WHAT YOU WILL DO: In the listing below, locate the line that contains "researcher, enterprise, administration." and the line that contains "Elegantná kožená kabelka". Restate word for word those two lines and every line between them, and nothing else.
[STUDY MATERIAL Boundary: Start]
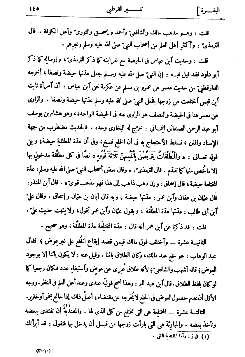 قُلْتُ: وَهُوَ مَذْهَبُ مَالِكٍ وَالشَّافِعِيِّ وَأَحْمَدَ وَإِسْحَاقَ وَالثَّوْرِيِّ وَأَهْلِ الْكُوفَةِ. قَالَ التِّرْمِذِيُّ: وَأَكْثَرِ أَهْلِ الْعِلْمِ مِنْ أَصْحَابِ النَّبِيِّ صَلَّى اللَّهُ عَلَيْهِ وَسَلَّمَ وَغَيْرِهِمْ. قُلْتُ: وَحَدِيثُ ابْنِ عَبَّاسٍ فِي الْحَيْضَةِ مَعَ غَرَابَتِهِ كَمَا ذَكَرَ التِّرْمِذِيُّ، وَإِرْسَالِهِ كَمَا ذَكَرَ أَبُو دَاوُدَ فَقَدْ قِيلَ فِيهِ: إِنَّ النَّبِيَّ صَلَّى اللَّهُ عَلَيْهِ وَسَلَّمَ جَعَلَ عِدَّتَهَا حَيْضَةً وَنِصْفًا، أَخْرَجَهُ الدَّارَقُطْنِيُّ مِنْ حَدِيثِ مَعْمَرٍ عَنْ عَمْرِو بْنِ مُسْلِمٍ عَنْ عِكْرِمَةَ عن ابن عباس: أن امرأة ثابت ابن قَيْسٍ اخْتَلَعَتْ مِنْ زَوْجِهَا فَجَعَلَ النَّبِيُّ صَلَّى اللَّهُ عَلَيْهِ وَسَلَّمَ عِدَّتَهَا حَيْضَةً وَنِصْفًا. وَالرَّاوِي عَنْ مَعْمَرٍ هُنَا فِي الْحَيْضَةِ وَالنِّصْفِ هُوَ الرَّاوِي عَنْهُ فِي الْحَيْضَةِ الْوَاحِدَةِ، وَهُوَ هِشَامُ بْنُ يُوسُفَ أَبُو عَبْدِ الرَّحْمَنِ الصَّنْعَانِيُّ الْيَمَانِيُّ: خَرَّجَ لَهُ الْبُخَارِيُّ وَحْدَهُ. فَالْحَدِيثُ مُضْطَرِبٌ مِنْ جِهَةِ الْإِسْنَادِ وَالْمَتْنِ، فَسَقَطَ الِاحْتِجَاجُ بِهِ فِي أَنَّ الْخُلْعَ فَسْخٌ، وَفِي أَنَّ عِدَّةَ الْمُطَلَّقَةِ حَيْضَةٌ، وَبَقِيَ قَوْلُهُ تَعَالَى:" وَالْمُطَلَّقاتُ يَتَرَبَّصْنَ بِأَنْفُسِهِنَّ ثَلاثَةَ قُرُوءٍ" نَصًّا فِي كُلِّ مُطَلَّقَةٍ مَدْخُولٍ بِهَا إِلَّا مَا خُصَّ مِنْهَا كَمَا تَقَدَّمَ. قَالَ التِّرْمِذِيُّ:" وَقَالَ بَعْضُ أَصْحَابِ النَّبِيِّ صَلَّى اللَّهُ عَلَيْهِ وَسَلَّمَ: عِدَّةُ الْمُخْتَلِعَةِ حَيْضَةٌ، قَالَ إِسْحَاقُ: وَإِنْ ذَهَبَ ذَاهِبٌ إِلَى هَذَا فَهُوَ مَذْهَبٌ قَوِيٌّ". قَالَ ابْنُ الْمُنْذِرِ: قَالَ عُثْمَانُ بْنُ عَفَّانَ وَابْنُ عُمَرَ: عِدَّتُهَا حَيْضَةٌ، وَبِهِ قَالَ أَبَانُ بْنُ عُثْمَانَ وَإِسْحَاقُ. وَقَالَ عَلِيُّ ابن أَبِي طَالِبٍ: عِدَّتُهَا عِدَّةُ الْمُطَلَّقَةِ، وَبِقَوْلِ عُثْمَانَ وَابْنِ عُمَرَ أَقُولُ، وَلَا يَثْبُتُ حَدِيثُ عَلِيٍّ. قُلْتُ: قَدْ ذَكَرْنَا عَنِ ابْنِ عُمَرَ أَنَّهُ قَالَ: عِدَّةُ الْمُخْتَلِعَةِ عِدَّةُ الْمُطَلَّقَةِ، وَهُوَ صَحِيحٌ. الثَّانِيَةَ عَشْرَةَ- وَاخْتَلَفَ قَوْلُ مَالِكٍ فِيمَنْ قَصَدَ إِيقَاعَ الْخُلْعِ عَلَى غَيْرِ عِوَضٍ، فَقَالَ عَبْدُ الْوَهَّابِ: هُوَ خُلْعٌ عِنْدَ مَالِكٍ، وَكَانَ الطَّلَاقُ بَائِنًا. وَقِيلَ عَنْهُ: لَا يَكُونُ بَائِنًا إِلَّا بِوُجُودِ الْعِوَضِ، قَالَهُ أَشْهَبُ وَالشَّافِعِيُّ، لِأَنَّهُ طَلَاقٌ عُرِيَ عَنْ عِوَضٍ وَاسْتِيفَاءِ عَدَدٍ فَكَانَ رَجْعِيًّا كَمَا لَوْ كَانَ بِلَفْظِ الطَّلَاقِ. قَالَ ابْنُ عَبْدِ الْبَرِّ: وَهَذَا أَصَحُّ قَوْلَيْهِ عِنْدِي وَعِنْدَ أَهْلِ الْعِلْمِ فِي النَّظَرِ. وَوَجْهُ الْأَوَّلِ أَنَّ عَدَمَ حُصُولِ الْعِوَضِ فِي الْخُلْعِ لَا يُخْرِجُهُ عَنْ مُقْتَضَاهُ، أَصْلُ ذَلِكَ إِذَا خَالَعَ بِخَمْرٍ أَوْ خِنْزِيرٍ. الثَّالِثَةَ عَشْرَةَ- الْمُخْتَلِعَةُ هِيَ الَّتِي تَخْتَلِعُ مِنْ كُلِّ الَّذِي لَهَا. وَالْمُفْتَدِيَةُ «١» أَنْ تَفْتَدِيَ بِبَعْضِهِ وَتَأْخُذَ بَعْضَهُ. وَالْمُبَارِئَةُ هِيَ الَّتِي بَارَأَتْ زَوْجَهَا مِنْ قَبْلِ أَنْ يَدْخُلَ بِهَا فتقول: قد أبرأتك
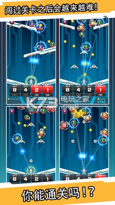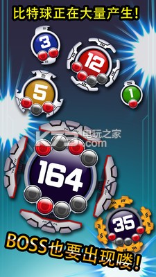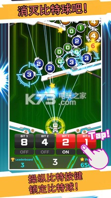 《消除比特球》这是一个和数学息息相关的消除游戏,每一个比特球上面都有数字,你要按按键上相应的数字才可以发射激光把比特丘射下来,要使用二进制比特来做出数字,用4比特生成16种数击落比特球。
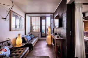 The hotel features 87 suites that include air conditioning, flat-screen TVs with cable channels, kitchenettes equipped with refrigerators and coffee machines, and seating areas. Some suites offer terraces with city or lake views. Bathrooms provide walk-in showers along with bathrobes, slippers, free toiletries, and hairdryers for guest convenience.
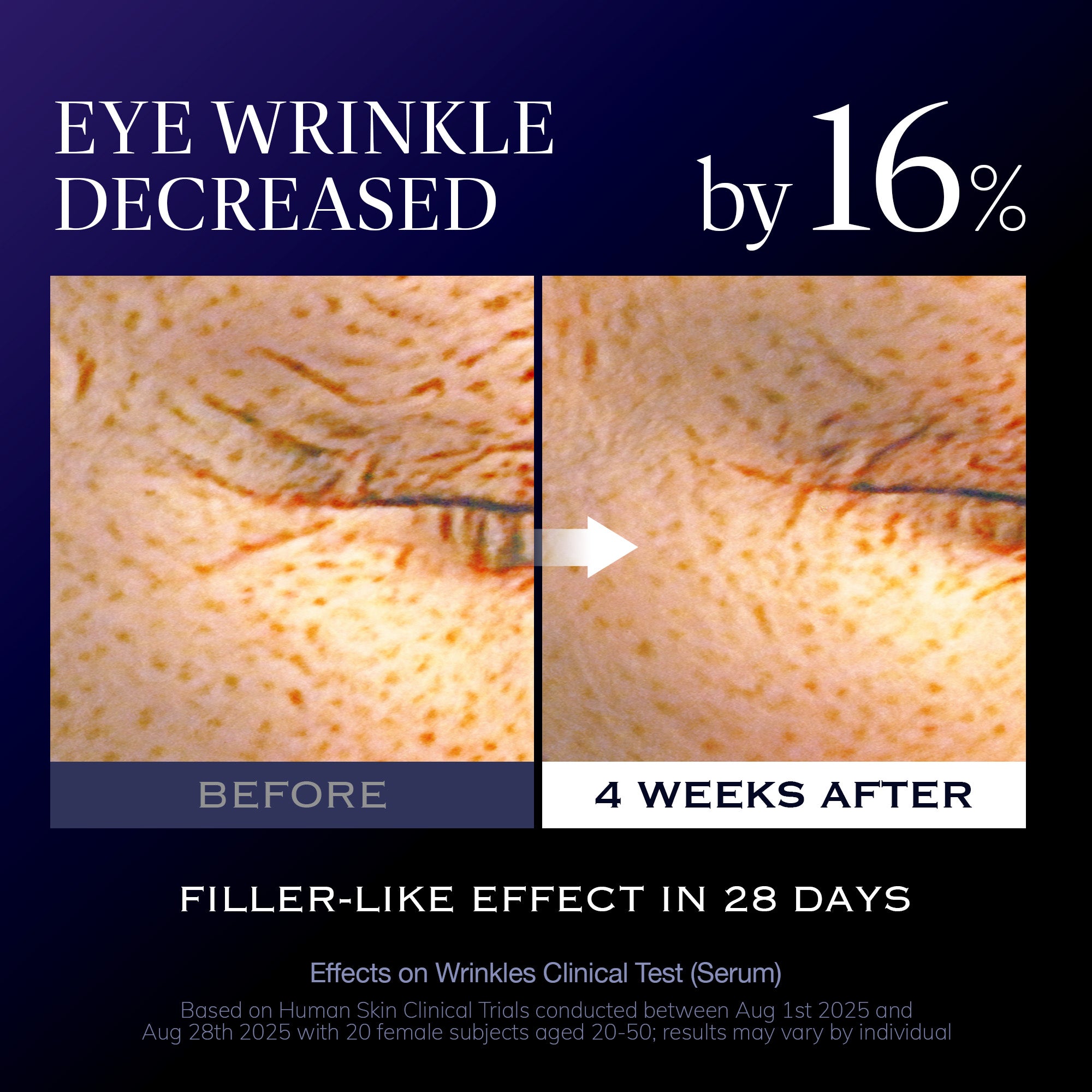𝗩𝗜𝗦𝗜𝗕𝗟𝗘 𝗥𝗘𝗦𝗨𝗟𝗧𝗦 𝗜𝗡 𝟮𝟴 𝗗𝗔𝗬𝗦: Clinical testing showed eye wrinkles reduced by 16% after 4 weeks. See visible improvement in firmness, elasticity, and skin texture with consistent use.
[STUDY MATERIAL Boundary: End]
[STUDY MATERIAL Boundary: Start]
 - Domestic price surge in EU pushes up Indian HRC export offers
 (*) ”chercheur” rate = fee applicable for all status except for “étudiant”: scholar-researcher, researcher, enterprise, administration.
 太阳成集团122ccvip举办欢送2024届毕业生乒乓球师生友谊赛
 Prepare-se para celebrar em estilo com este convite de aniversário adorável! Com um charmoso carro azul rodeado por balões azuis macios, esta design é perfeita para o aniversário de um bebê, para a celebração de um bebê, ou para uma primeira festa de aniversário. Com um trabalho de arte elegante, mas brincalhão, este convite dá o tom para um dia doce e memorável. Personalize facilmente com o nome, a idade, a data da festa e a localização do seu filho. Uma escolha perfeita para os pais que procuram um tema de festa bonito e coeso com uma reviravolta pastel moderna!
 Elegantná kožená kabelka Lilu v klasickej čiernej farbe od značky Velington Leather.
[STUDY MATERIAL Boundary: End]
RESULT FOR THIS EXERCISE:
 (*) ”chercheur” rate = fee applicable for all status except for “étudiant”: scholar-researcher, researcher, enterprise, administration.
 太阳成集团122ccvip举办欢送2024届毕业生乒乓球师生友谊赛
 Prepare-se para celebrar em estilo com este convite de aniversário adorável! Com um charmoso carro azul rodeado por balões azuis macios, esta design é perfeita para o aniversário de um bebê, para a celebração de um bebê, ou para uma primeira festa de aniversário. Com um trabalho de arte elegante, mas brincalhão, este convite dá o tom para um dia doce e memorável. Personalize facilmente com o nome, a idade, a data da festa e a localização do seu filho. Uma escolha perfeita para os pais que procuram um tema de festa bonito e coeso com uma reviravolta pastel moderna!
 Elegantná kožená kabelka Lilu v klasickej čiernej farbe od značky Velington Leather.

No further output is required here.